In concrete terms, I became quite extreme. Never quite getting into the whole peace/love ethos, I embraced the explosion of colour and individuality that hippy culture offered. Grew the hair. Super long. With beard. Without beard. Eyebrows. Shaven eyebrows. And loads of colour. And moved through that very quickly when I discovered that there was a lot more stuff even further out that was really really interesting. Iggy Pop had a lot to do with it, I think, and the far side of The Kink, Pink Fairies, Can. Floyd and so on were really just the visible surface of a much more interesting hinterland. Again the peripheries.
And from this point I think it would probably be wiser to use pseudonyms for people. Things started moving beyond the boundaries of laws and certain social norms, and so I think it would be fairer on the characters that peopled my life that they remain unnamed. For the sake of openness, bizarre as that may sound.
Facts also have many faces. We all know there’s no such thing as one immutable history. Every telling is inevitably coloured by the lens of the camera. Who’s holding it. Depth of focus. Choice of frame. Filters. Exposure. Available light. And then always the all important editing, whether conscious or no. All these things define the flavour of a tale, so one will always have but one chef’s offering laid out to taste. Judgement lies in the gourmet, if there is to be such a thing at all. You decide. I will simply place the pieces as I feel they should fall.

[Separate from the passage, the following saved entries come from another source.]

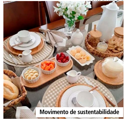
Movimento de sustentabilidade
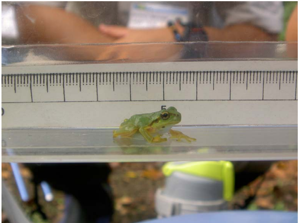
ニホンアマガエル
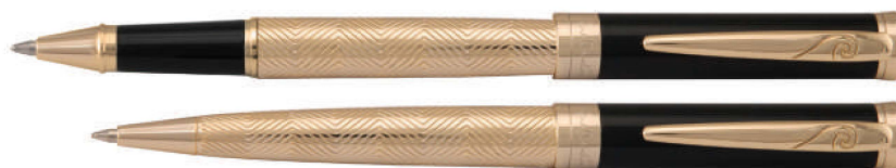
نیمه مشکی طلایی
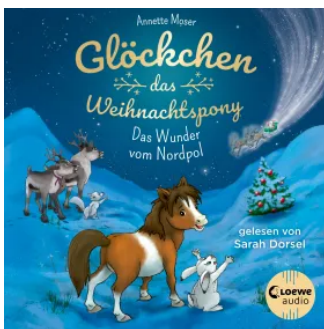
Glöckchen, das Weihnachtspony (Band 1) - Das Wunder vom Nordpol Hörbuch
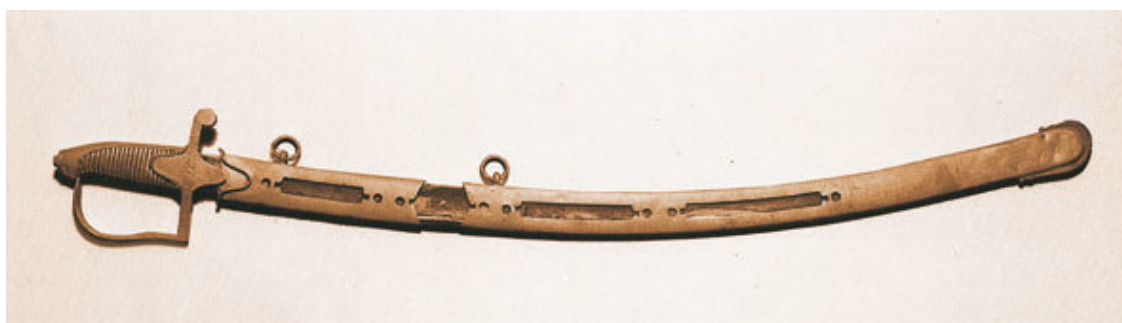
Крест ордена св. Георгия 3-й степени и сабля в ножнах (наградная), принадлежавшие Я. П. Кульневу. Орден был на груди Кульнева в сражении при Клястицах.
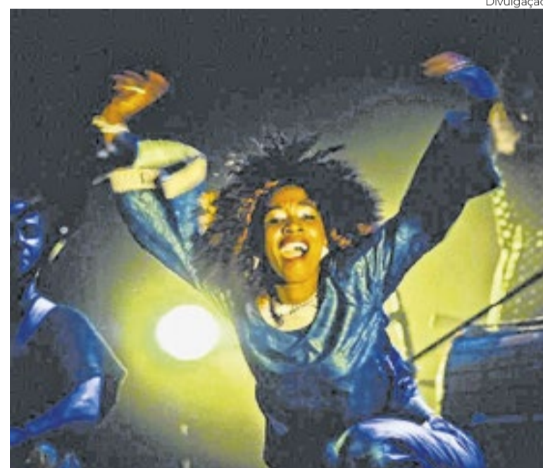
Mostra Cultura Candanga reúne tradições

✱Após temporada de sucesso em Taguatinga e no Plano Pilo-
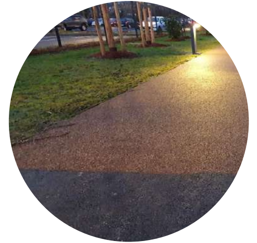
ENROBÉ NOIR HYDRO-LAVÉ
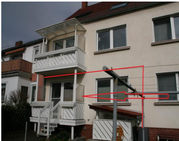
Ansicht von Süden Wohnung mit Balkon und Treppe
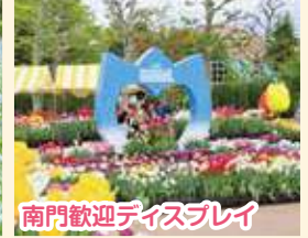
南門歓迎ディスプレイ

今後、チューリップフェアを通して花と緑のまちなみの魅力を広く発信し、多くの方々に愛される催しとして発展させてまいります。 準備から閉幕までご協力をいただいた多くの皆さまに感謝申し上げます。
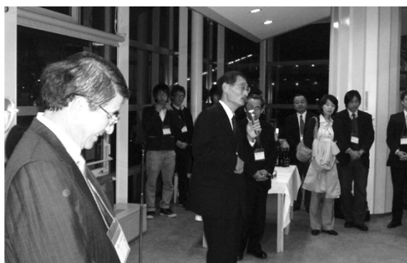
写真8 懇親会の様子(1)
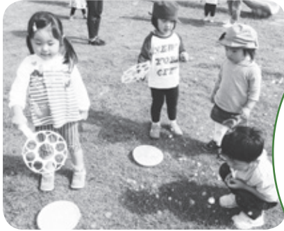
フレンドパークにて
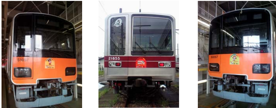
△東武キッズサイト“TOBU BomBo Kids”ヘッドマーク列車
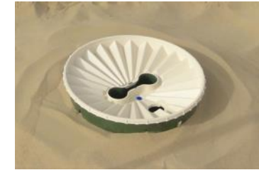
25. Mettez du sable autour de la boîte
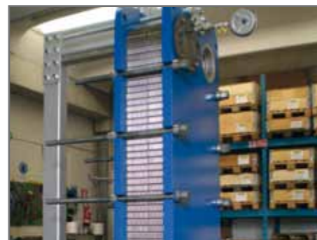
Prova di tenuta su scambiatore rigenerato
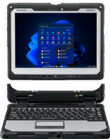
Clavier vendu séparément
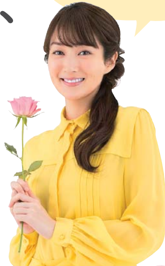
ろうきんイメージモデル 高梨臨
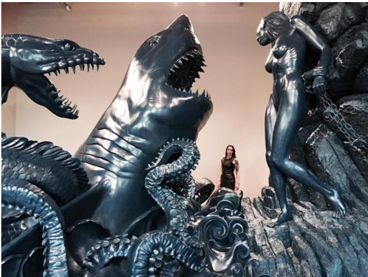
Damien Hirst, Andromeda e il drago , Venezia, 2017.

Tutto finto, ovvio. Tranne l' hybris , e la scommessa miliardaria (sessanta milioni di dollari, si vocifera: costo davvero paragonabile a quello di un blockbuster hollywoodiano), di Damien Hirst. Cioè il «collezionista», un cui auto-busto bronzeo figura a sua volta in mostra: mise en abîme delle infinite marche di finzione esibite (dall'incontro impossibile di figure di mitologie distanti come Kali e l'Idra all'uso di materiali a loro volta impossibili come il marmo di Carrara a scritte ben visibili, a tergo di certe statue, come «1999 Mattolini CHINA»; dalle citazioni di artisti contemporanei, e comunque futuri rispetto al periodo raccontato – Jeff Koons, Pierre Huyghe, Roberto Cuoghi, ma anche l'Ilaria del Carretto di Jacopo della Quercia –, sino a presenze pop grottescamente incongrue come Mowgli e Baloo del Libro della giungla , Pippo e Topolino, addirittura il robottone di Transformers presentato – con incongruenza al quadrato! – come idolo azteco: tutti debitamente fioriti delle incrostazioni sottomarine che fanno da leitmotiv dell'insieme).
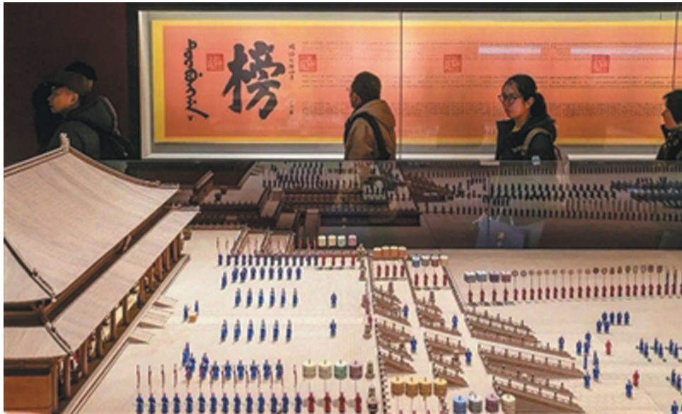
观众在同治七年的“金榜”复制品前驻足

从隋朝大业元年(605)正式创立,到清朝光绪三十一年(1905)废止,科举制度延续了整整1300年,共选拔出进士十余万人,举人、秀才数以百万计。它不仅是无数读书人改变命运的独木桥,更是中华文明维系千年不坠的制度根基。今天,当我们为高考学子加油鼓劲时,不妨推开历史的贡院大门,走进那场决定无数人命运的“天下大考”。
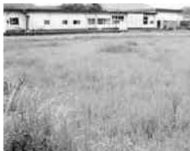
▲子どもセンター建設予定地

祭では、町内の業者、商店の利用が余りないと聞いております。今、原発事故による風評被害でどこでも大変なときであります。これを機会に地産地消、新鮮で安全・安心な野菜、また、商店を利用することで町の活性化、商店の育成につながるのではないかと、町の考えをお伺いします。
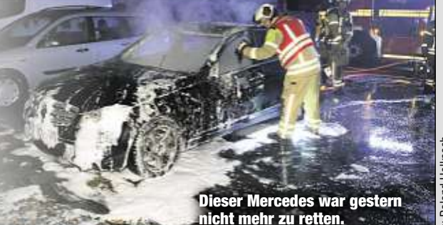
Dieser Mercedes war gestern nicht mehr zu retten.

von dem Wagen nur noch ein dampfendes Wrack übrig. Die Hitze des Brandes war so heftig, dass auch ein daneben abgestellter Ford noch beschädigt wurde. Der Gesamtschaden war gestern allerdings noch nicht beziffert. Die Kriminalpolizei hat die Ermittlungen wegen Brandstiftung aufgenommen. eho
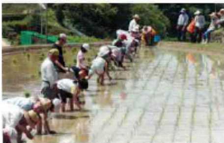
■田和棚田交流人(所在地:宝塚市、活動地域:佐用町)
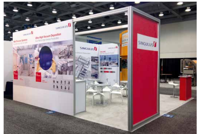
Semicon West/Intersolar North America, Juli 2014

Aufgrund der Veränderungen im Segment Optical Disc sowie der weiterhin schwierigen Situation in allen Segmenten hat SINGULUS TECHNOLOGIES eine Reihe von Maßnahmen umgesetzt, die sich zusätzlich auf die Finanzkennzahlen negativ auswirken. SINGULUS TECHNOLOGIES wird sich den geänderten Geschäftsbedingungen sowie den Marktgegebenheiten weiter anpassen. Der Vorstand hat aufgrund der Geschäftssituation umfassende Maßnahmen beschlossen. Dabei ergab die Überprüfung aller Bilanzpositionen auf ihre Wertehaltigkeit hin die Notwendigkeit, den Geschäfts- oder Firmenwert im Bereich Solar um 15,0 Mio. € abzuwerten. Für das Segment
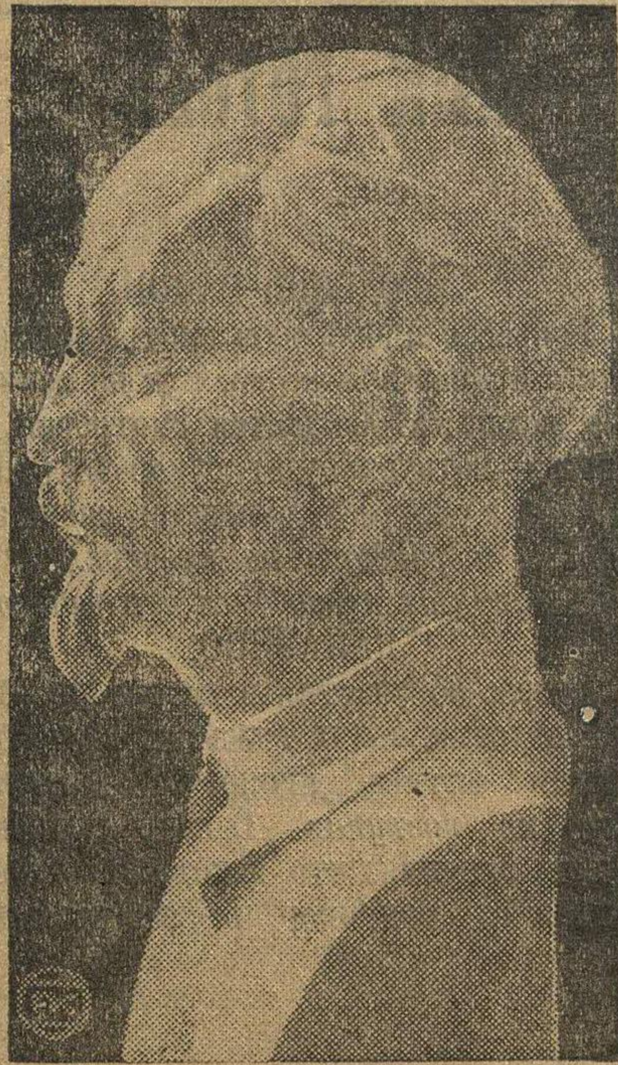
Бюст Ф. Э. работы скульпторши С. Лебедевой.
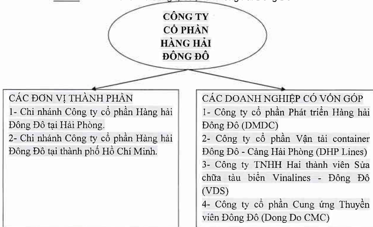
Hình 1 - Cơ cấu tổ chức Công ty cổ phần Hàng hải Đông Đô

Vốn điều lệ: 3,5 tỷ đồng, trong đó Công ty cổ phần Hàng hải Đông Đô góp 2,52 tỷ đồng tương ứng 72% vốn điều lệ.
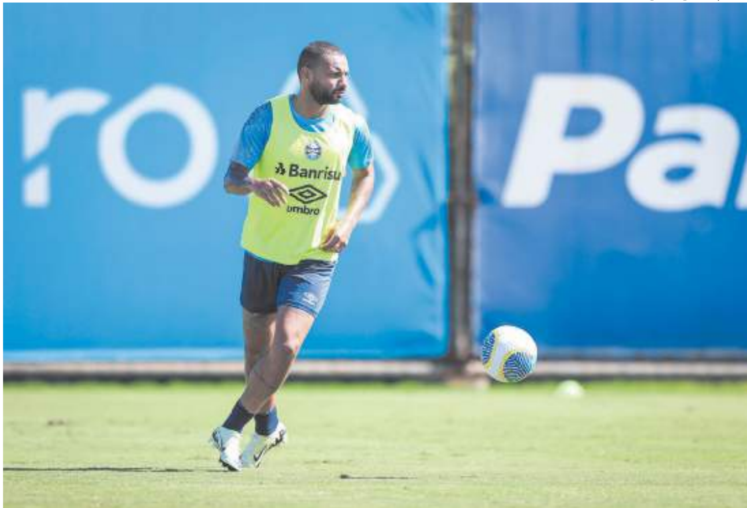
Diego Costa não viajou com a delegação, segue como desfalque e João Pedro Galvão deve ganhar sequência no comando do ataque

Os donos da casa vêm de uma sequência de cinco vitórias consecutivas, contando jogos da Libertadores e da Copa da Liga Argentina, enquanto o Grêmio ainda

You make the calls.
It’s relevant to pose these issues at this point, ‘cause this is when Robin, the person, actively started participating in the formation of his collage that was to become a life. I have to hand it to my parents for allowing the leash to stretch to my requirements while remaining there as an invisible unstated safety net for decades to come, without ever actively putting any spanners in my works. They advised, when asked. They showed disapproval, sure. But never judged. I was allowed to judge myself, but somehow there had been instilled some moral baselines that remained firm throughout my adult life, give or take the odd bounce. My decisions were always mine. And this is when that really all kicked off.








Argh! Somehow I missed three posts, including this one!
That was quite a read, which does not work so well when you have to do it in between work. I will read again from home, because reading it with one eye does not do it justice.